# Worldmark with Club Wyndham points -- possible?



## JimMIA (Mar 8, 2011)

Here's my question:  *Is it realistic to attempt to get a Worldmark reservation using Club Wyndham points?*  Or are all those cute little dots on the map just window dressing?

Several timeshare gurus who I respect say it's all just window dressing.  

However, I was told this morning by a Wyndham vacation counselor that it is possible at 10 months out.  And when I did a broad general search just using types of locations (I used mountain vacation), I got several Worldmark hits.

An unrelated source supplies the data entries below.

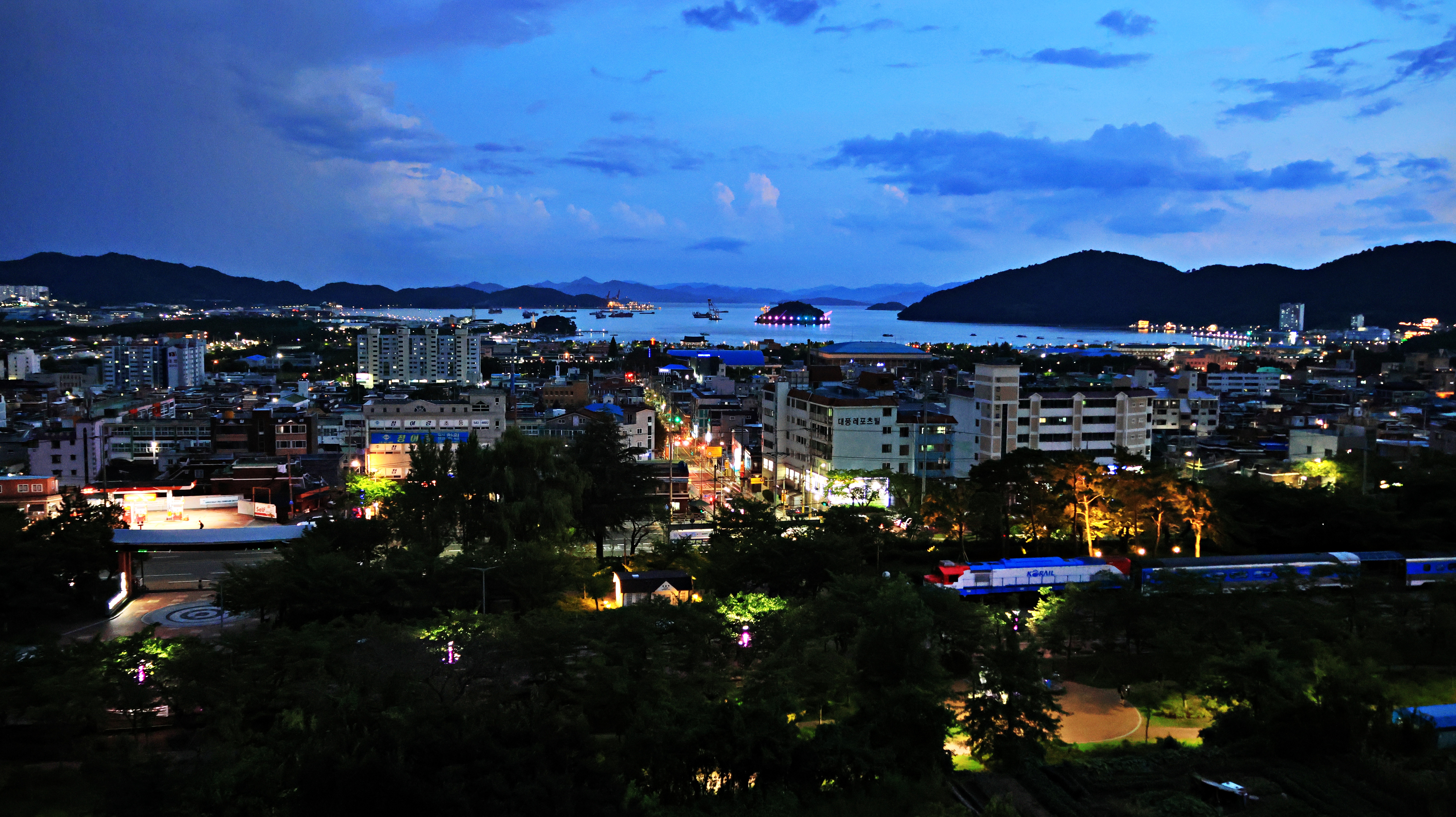 시야가 맑다. 불빛이 씻은 듯 깨끗하고, 멀리 거제도 앞산 뒷산의 산자락이 뚜렷하게 보인다.
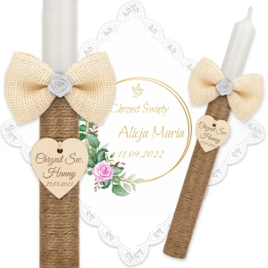 ✅ personalizacja (imię oraz data chrztu) na świecy oraz szatce.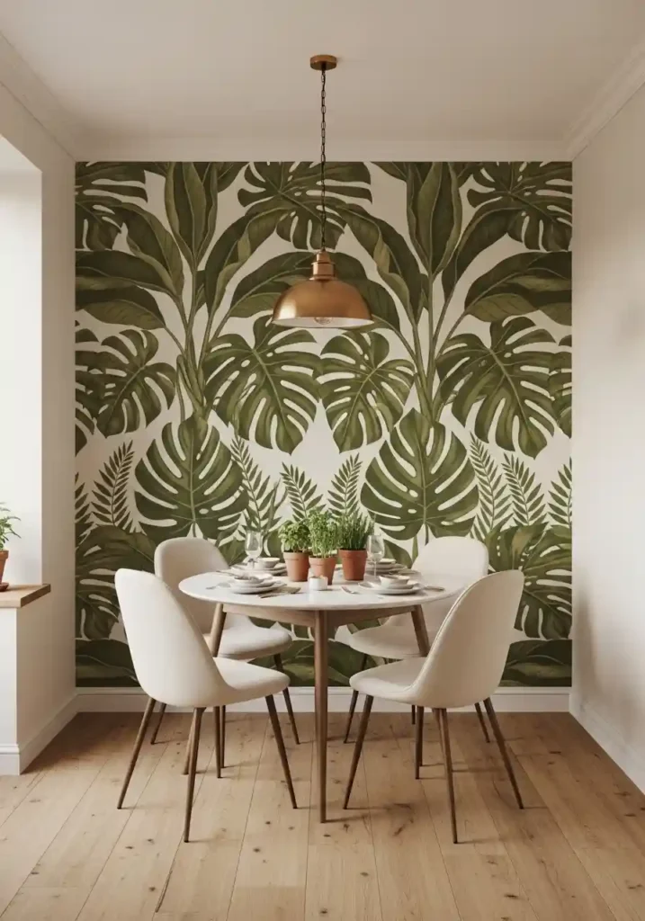 Large-scale botanical wallpaper on the main dining room wall creates a spatial illusion of remarkable effectiveness: the brain initially registers the large botanical motifs as plants in a garden visible through a window rather than a pattern on a wall surface, creating the perceptual experience of depth and outdoor space that genuinely expands the room’s apparent boundaries. This garden-window illusion is most powerful when the botanical pattern is genuinely large-scale — individual leaf forms approaching 40 to 60 centimeters in their longest dimension — because smaller botanical patterns read immediately as decorative surface treatment rather than spatial suggestion.
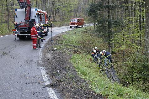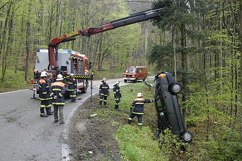 Kurze Zeit später trafen die Einsatzkräfte der Feuerwehr Sittendorf an der Unfallstelle ein. Polizei und Rettung waren bereits vor Ort. Schnell konnte die verunfallte Person händisch aus dem Fahrzeug befreit und der Rettung übergeben werden. Diese führte eine Erstversorgung der Verletzten durch und brachte sie anschließend ins Krankenhaus.

I'd be interested to hear any actual personal experience -- either positive or negative -- from fellow Tuggers who have *attempted* to reserve Worldmark resorts with their Wyndham points.

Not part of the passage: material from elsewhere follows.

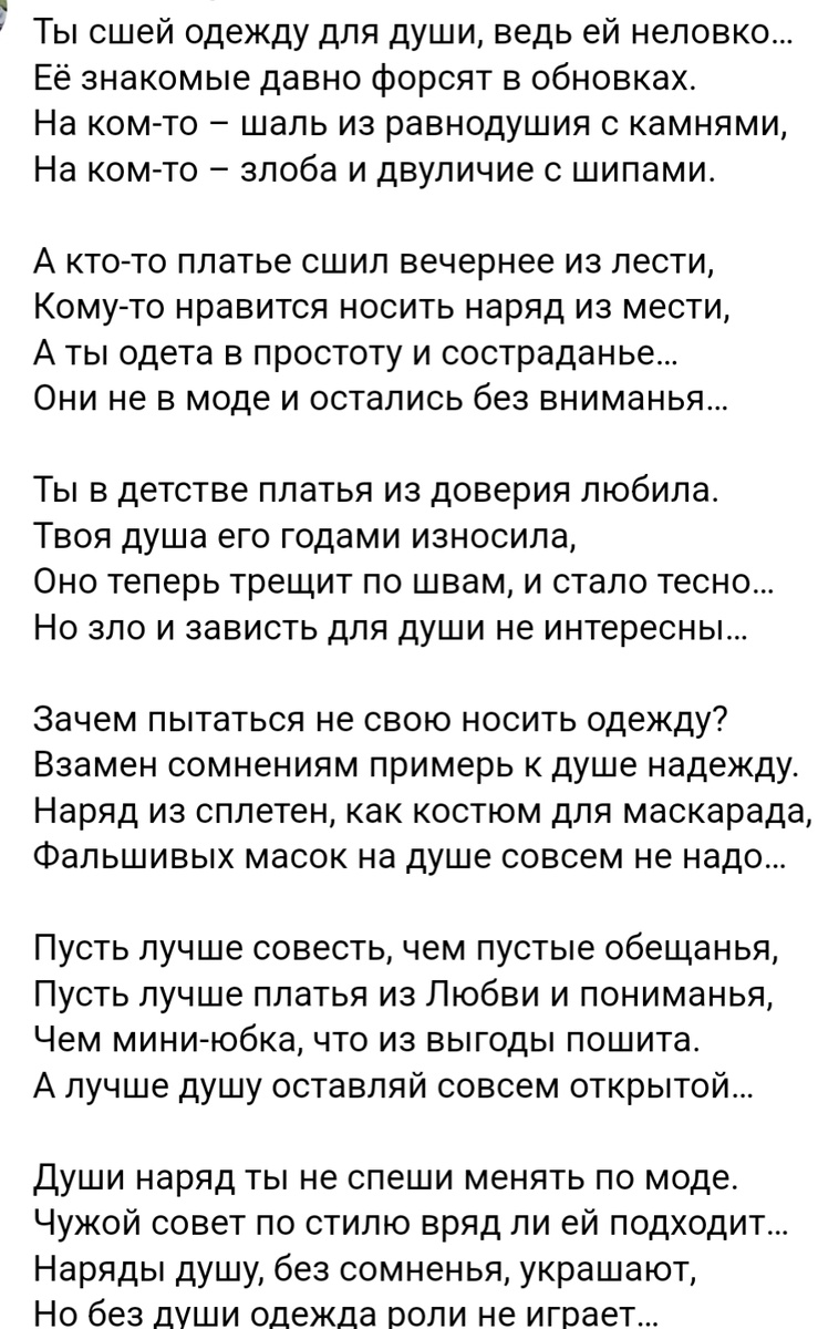 "Ты сшей одежду для души, ведь ей неловко...". Репост

Thanks in advance for any experiences you may have.


----------



## Rent_Share (Mar 8, 2011)

JimMIA said:


> Here's my question: *Is it realistic to attempt to get a Worldmark reservation using Club Wyndham points?* Or are all those cute little dots on the map just window dressing?
> 
> Several timeshare gurus who I respect say it's all just window dressing.


 
From trying to book Wyndamn from Worldmark point not very likely, however makes for a nice map showing extra resorts with 1 unit oer week available . . . .


----------



## bnoble (Mar 8, 2011)

I've looked from time to time.  Very little availability at any place/time I wanted to go.  I have seen some infrequent units.  It's not always at 10 months either; the crossover inventory can be loaded later.


----------



## timeos2 (Mar 8, 2011)

It is a very limited amount. You can't plan on them being available but if you see one and grab it they have some nice locations. As a regular thing I'd say it's a no go.  Just watch for last minute or try right at 10 month to have the best chance at those.


----------



## chriskre (Mar 8, 2011)

I think you'd have more luck with RCI points.  
I saw quite a few Worldmark inventory units in points recently.  :ignore:

I'm thinking exchange thru the Wyndham/RCI portal into Worldmark to access RCI points inventory.


----------



## Tacoma (Mar 8, 2011)

I would post on the exchange board that you would like to exchange Wyndham points for Worldmark points.  I'm sure there would be lots of worldmark owners that would consider it.  You'd make the reservation for them and they'd make one for you.  The biggest risk is Worldmark charges the owner if the guest damages the unit but if you are careful who you are dealing with this should be a minor issue.  The best part is you get exactly what you want and don't pay an exchange fee if you start far enough out.

Joan


----------



## ausman (Mar 9, 2011)

JimMIA said:


> Here's my question:  *Is it realistic to attempt to get a Worldmark reservation using Club Wyndham points?*  Or are all those cute little dots on the map just window dressing?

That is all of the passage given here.